SMEs need membership in chamber of commerce

Official data shows that the number of small and medium enterprises (SMEs) in the Sultanate is constantly increasing as a result of the desire of Omanis to move towards commercial and free work, despite the difficulties they face. They faced hard time last year due to the pandemic. Today, there is a great desire among these institutions to get representation in some official institutions such as the Oman Chamber of Commerce and Industry (OCCI), in addition to their presence in Riyada which supervises them.
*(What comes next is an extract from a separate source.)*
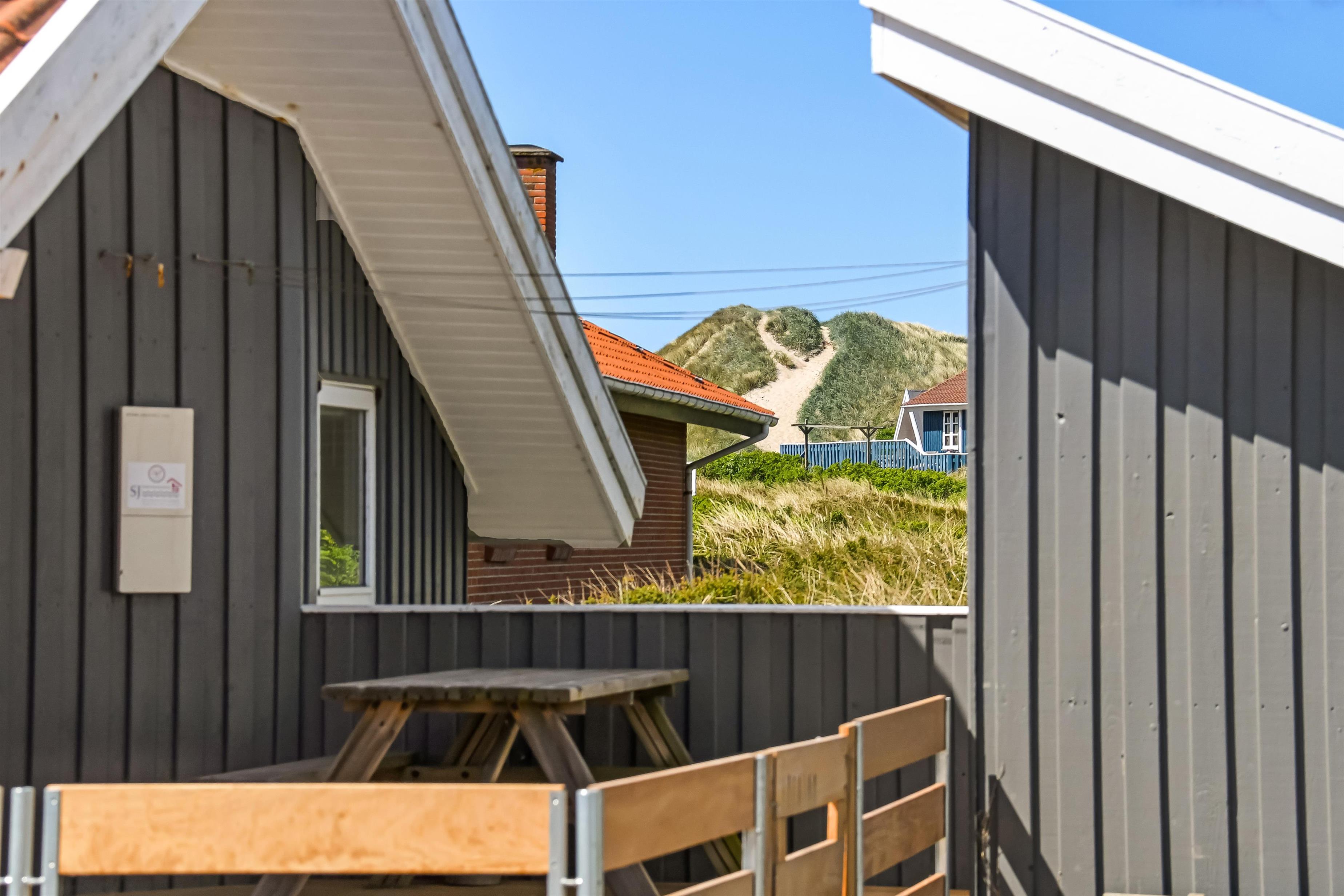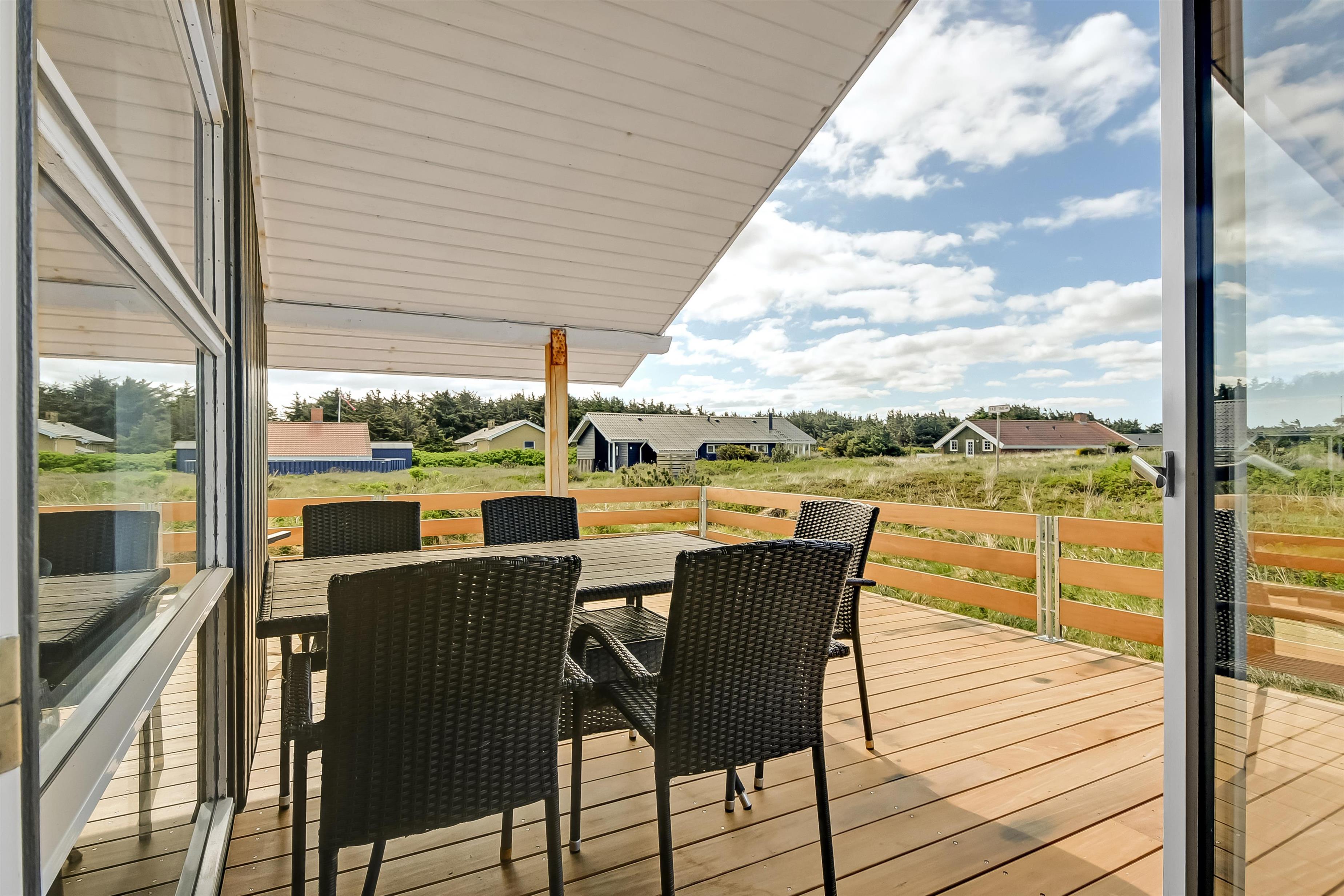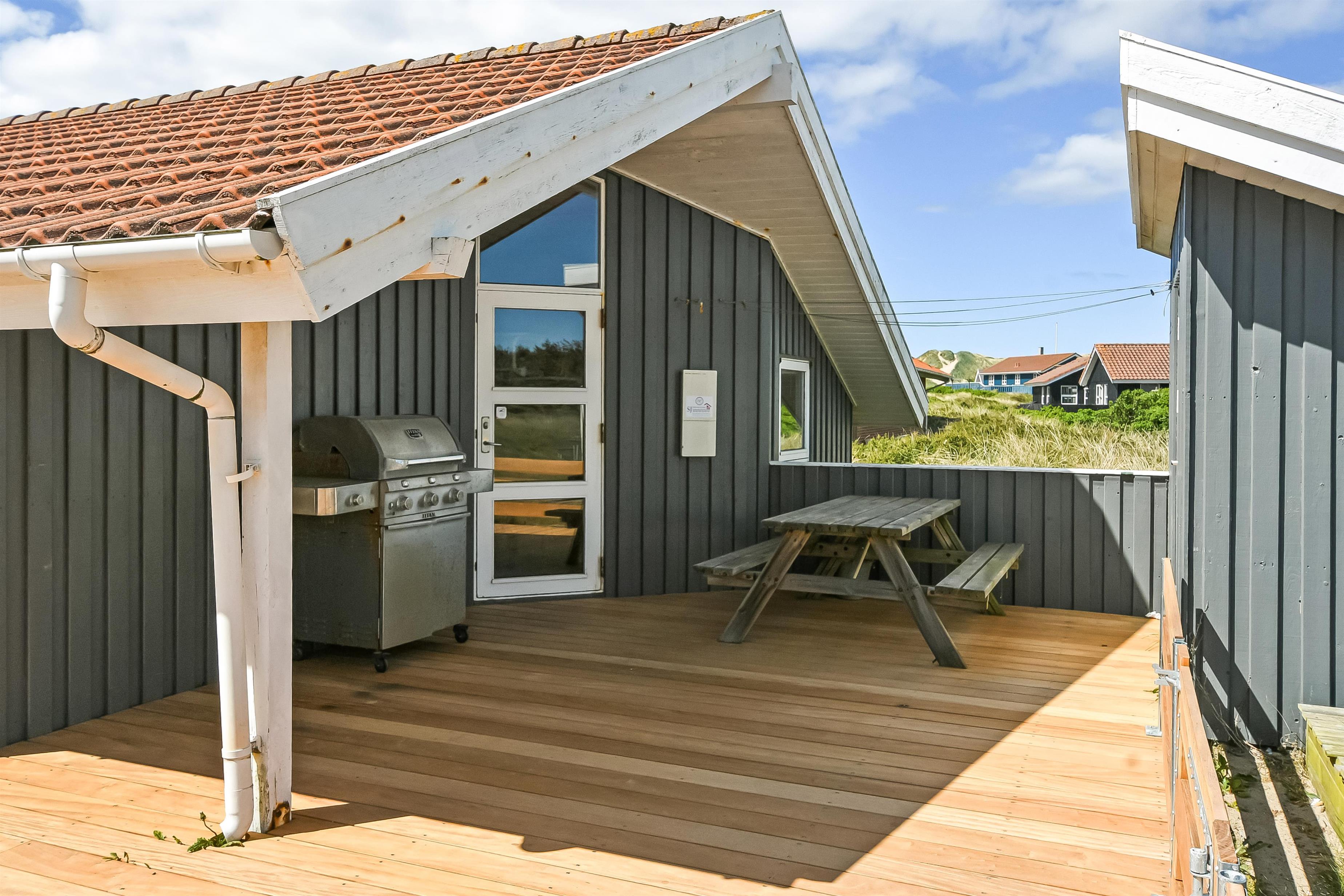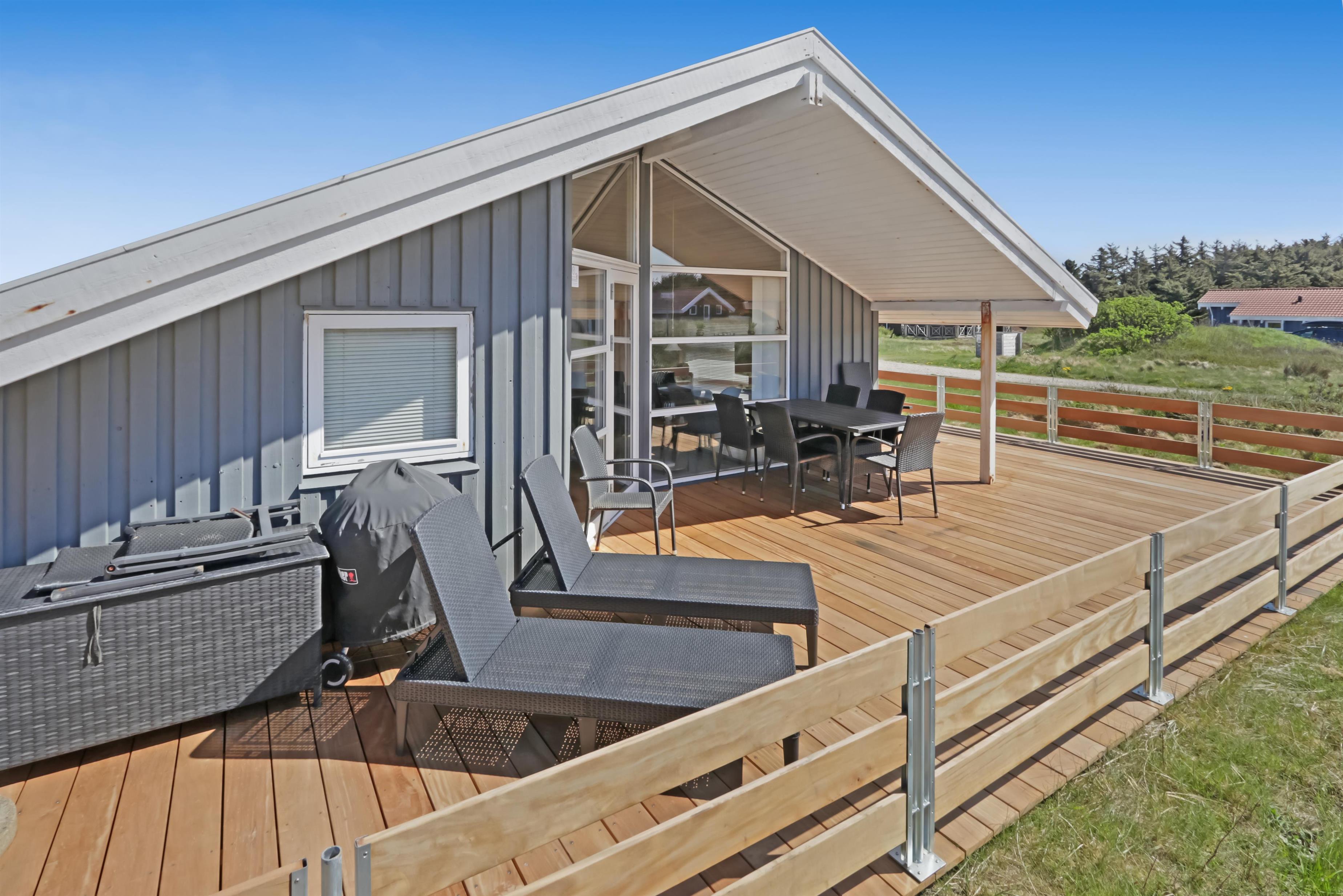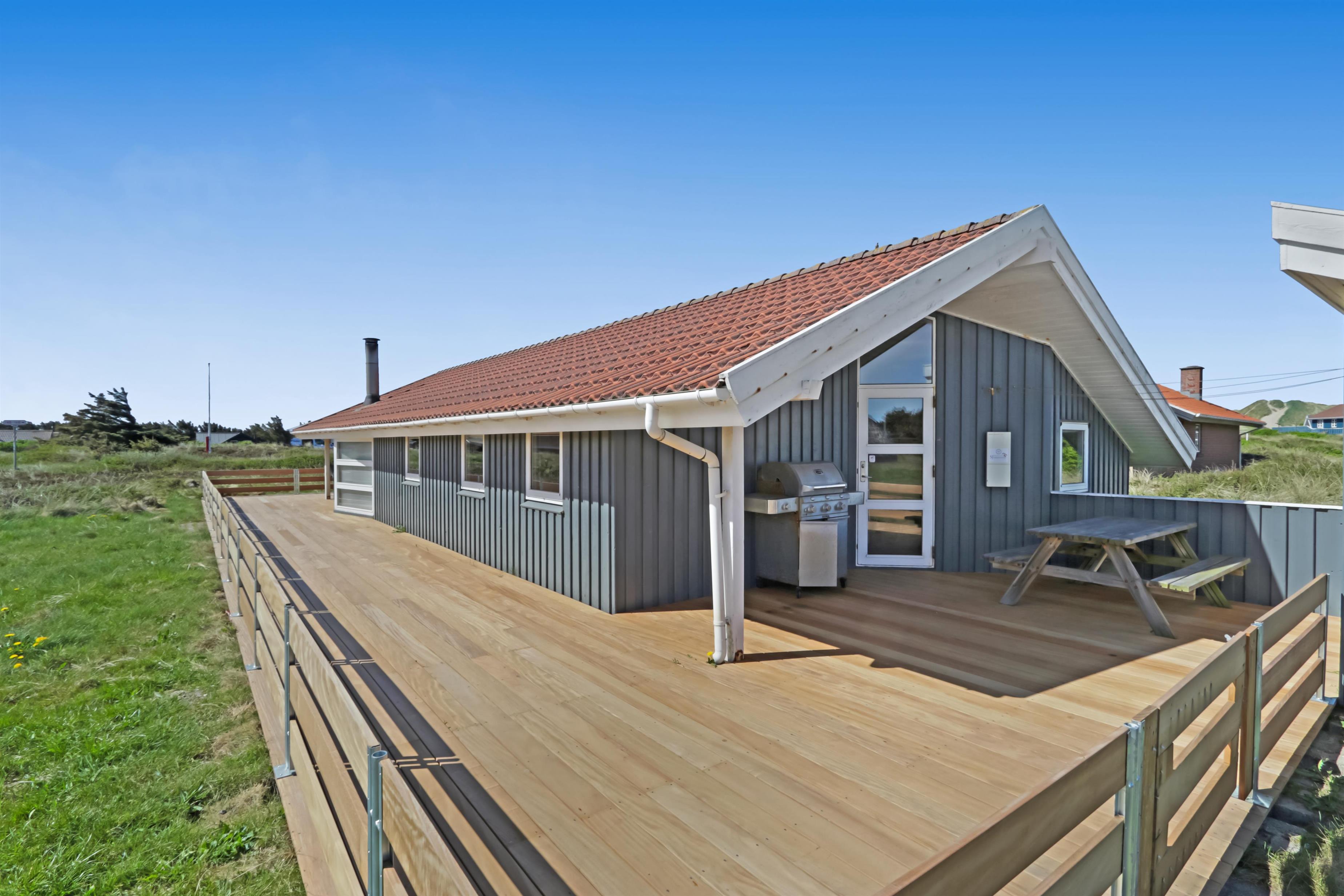 Um das Haus herum gibt es eine schöne grosse Terrasse mit 88 m². Hier gibt es Gartenmöbel, Grill und 2 Sonnenliegen, so sind die Grundbestandteile vieler angenehmer Stunden definitiv vorhanden. Für die Kinder gibt es Schaukel und Sandkasten auf dem Grundstück, hier können die Kinder Spass haben und die Erwachsenen können es sich auf der Terrasse gemütlich machen. Wenn Sie sich bewegen wollen, sind die Dünen und das Meer fast vor der Tür und wenn Sie die 170 m bis zum Meer über die Dünen laufen, befinden Sie sich sofort in einer ganz anderen Welt, in der Sie schwimmen, wandern, Sandburgen bauen, Drachen fliegen lassen oder angeln können.
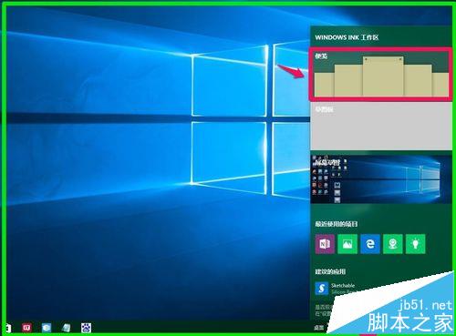2、点击Windows墨迹工作区中的便笺,可以打开系统内置的便笺功能;

The number of these institutions has reached 51,663 at the end of March 2021 compared to 44,830 during the same period last year, an increase of 17.2 per cent, according to data issued by the NCSI.


This proposal was recently discussed at the Al Khunji Virtual Council, in the presence of a number of officials and businessmen from the OCCI. Sixty per cent of the revenues that the OCCI receives annually come from small and medium enterprises, while we see that 90 per cent of the members belonging to the chamber are from small and medium enterprises.


This is what Ahmed al Houti, a member of the chamber’s board of directors, recently discussed with the council, with his assertion that representatives of large companies do not attend the chamber’s periodic meetings.


He believes that as a result of the presence and registration of about 60,000 members in Riyada, these institutions have the right to have a membership of the OCCI to defend their interests and develop the capabilities of its members in administrative, financial and technical aspects.


The attendees believe that the chamber’s real strength lies in the existence of partnership between large and small institutions with the aim of bringing together these efforts and matching the requirements of the Omani market in all aspects.


Other members of the OCCI believe that there is a reluctance from large traders towards the activities of the chamber, so that their suggestions or initiative do not reach the chamber’s board of directors, which requires holding sessions to discuss these issues, and to complete the required roles.


It is the competencies which can make a difference in this institution. In the midst of this discussion, some believe that there should be a special room for small enterprises as is the case in a number of European countries with the aim of supporting small projects, especially in such circumstances that institutions are going through due to the pandemic, with their affirmation that these institutions have a seat in the chamber’s membership.


According to some opinions, the country’s major traders do not need the services of the OCCI, and therefore they are far from representation and discussing issues due to their lack of free time, which requires focusing on small traders segment whose membership has reached about 70 per cent of the total members. In the same context, some members see the need to activate the roles of associations that represent the sectors of industry, tourism, trade and agriculture to play a greater role in the development of the Omani economy, while emphasising that small groups of members of the chamber need the chamber’s services and not the large institutions.